Michael Aizenman

Michael Aizenman (born 28 August 1945 in Nizhny Tagil, Russia) is a mathematician and a physicist at Princeton University, working in the fields of mathematical physics, statistical mechanics, functional analysis and probability theory.

The highlights of his work include: the triviality of a class of scalar quantum field theories in more than four dimensions; a description of the phase transition in the Ising model in three and more dimensions; the sharpness of the phase transition in percolation theory; a method for the study of spectral and dynamical localization for random Schrödinger operators; and insights concerning conformal invariance in two-dimensional percolation.[1]

Biography

Aizenman was an undergraduate at the Hebrew University of Jerusalem. He was awarded his PhD in 1975 at Yeshiva University (Belfer Graduate School of Science), New York City, with advisor Joel Lebowitz. After postdoctoral appointments at the Courant Institute of Mathematical Sciences of New York University (197475), and Princeton University (19751977), with Elliott H. Lieb, he was appointed Assistant Professor at Princeton.
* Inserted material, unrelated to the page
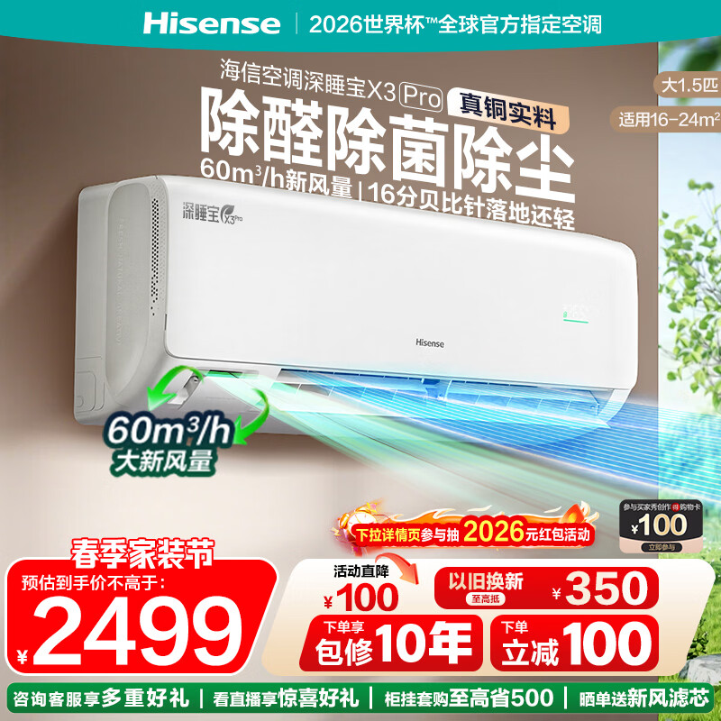 海信(Hisense)空调深睡宝X3Pro 大1.5匹 增氧新风 AI省电 新一级能效补贴20% 双排纯铜管 以旧换新 深睡眠挂机 KFR-35GW/X300Pro-X1

In 1982 he moved to Rutgers University as Associate Professor and then full Professor. In 1987 he moved to the Courant Institute and in 1990 returned to Princeton as Professor of Mathematics and Physics. He was several times a visiting scholar at the Institute for Advanced Study, in 1984-85, 1991–92, and 1997–98,[2] and is a regular Visiting Scholar at the Weizmann Institute of Science.

Honors and awards

M. Aizenman has been awarded several honors. Among them is the Norbert Wiener Prize (1990) of the Amer. Math. Soc. and SIAM for "his outstanding contribution of original and non-perturbative mathematical methods in statistical mechanics by means of which he was able to solve several long open important problems concerning critical phenomena, phase transitions, and quantum field theory.", and the Dannie Heineman Prize in Mathematical Physics (2010), awarded by the APS and the AIP.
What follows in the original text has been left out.